Папу я помню мало: он умер от инсульта, когда я только пошла в 1-й класс. Он остался в моей памяти добрым и ласковым, водил меня за ручку в школу, пока не попал в больницу. Последнее лето он работал бухгалтером в нижнеилимской конторе, недалеко от которой находился кондитерский магазинчик «Промартели». «Промартель» изготовляла конфетки из сахара, какой-то немыслимый на вкус напиток красного цвета (все это было дорого), среди прочего там пеклись очень вкусные большие калачи, не из белой муки, но мягкие и пышные. Иногда я перелазила через забор, отделявший контору от улицы, папа давал денег на калач. Отломив большой кусок для себя, я опять перелазила через забор и остатки отдавала папе.

После ранений, полученных на Гражданской войне, прадедушка Егор служил приказчиком «Востсибпушнины» – организации, занимавшейся заготовкой меха, лесных ягод, грибов и орехов, потом его в той же должности перевели в Усть-Кут. Всю семью вместе с машинкой «Зингер» и коровой Бурёнкой Егор Иванович возил за собой. Причём, во время переездов Бурёнку от деревни до деревни сопровождал пешком. но зато молоко у семьи всегда было своё.

Перед войной Егор Иванович работал народным судьёй в Нижнеилимске, а с начала Великой Отечественной войны – председателем колхоза «Советы».

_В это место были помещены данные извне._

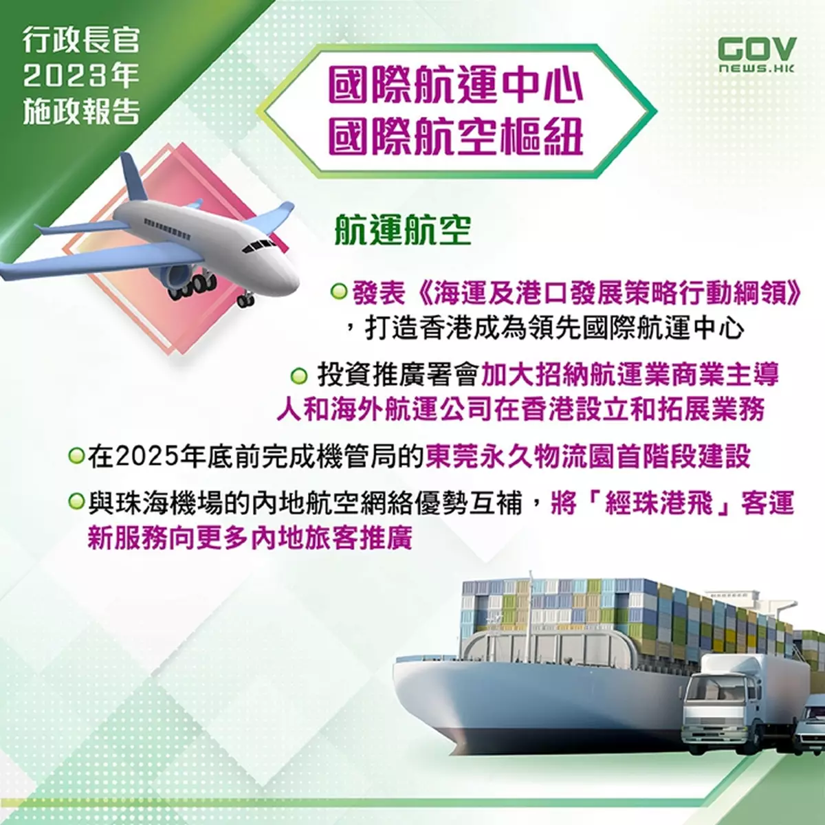 國際航空樞紐:推進三跑道工程和「機場城市」願景下各個項目,包括在2025年底前完成機管局的東莞永久物流園首階段建設等。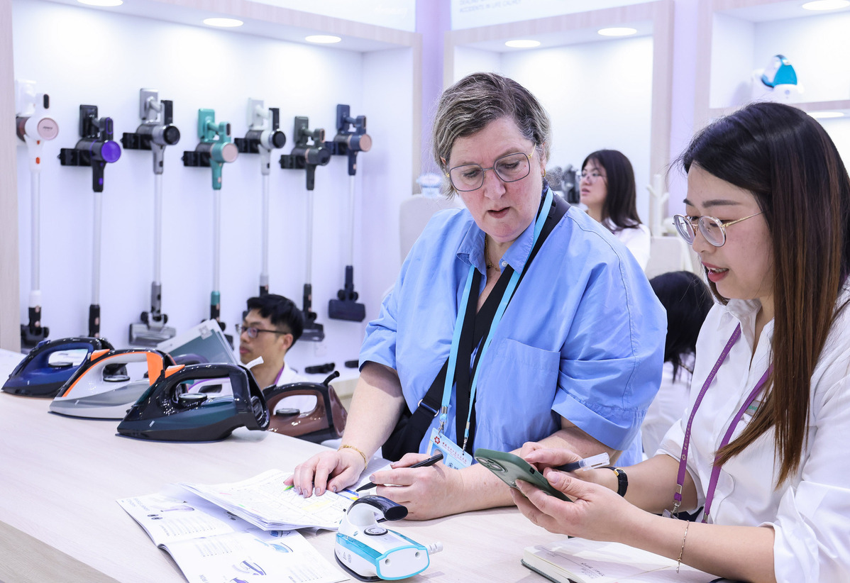 A visitor talks with an exhibitor at the home accessories' exhibition area during the 135th session of the China Import and Export Fair in Guangzhou, Guangdong province on April 15, 2024. [Photo/Xinhua]

Прадедушка Егор был удачливым охотником и рыбаком. Однажды весной в Илимске он поймал рыболовным саком огромнейшего налима. Это была радость для всей семьи.

Мама тоже была заядлая рыбачка. С тётей Полей она рыбачила сетями, в ледоход – саком, а на каждый день ставила «морды». Мастером по их плетению (а также всевозможных корзин) был тёти Полин муж – Саланжеев, видно, сосланный откуда-то из кавказских краев. Его все звали по фамилии, а имя было слишком замысловатое.

Как рассказала Мила, «морды» – это снасть, плетённая из ивовых прутьев. Рыба в нее заплывала на приманку, а обратного выхода не находила, так как переднее отверстие затыкалось пучком травы. Мама каждый вечер брала Милу с собой проверять «морды». Их ставили в камыши, в осоку ближе к противоположному от села берегу Илима, где течение было не такое быстрое. Милина задача была, схватившись за камыши удерживать лодку на месте, пока мама вытряхивала рыбу, клала новую приманку и ставила «морду» на дно.

Все это стоит перед глазами, как наяву: вода журчит между пальцами, а в реке отражается закатное небо.

Основным же занятием прабабушки Тани было шитьё на машинке.

Ножная машинка «Зингер» была приобретена еще в 1920-е годы, предположительно, когда прадедушка работал в «Востсибпушнине». Она и сейчас прекрасно шьёт, может быть потому, что, как говорит Мила, прабабушка ее очень любила, называла «кормилицей» и относилась к ней, как к лучшей подруге.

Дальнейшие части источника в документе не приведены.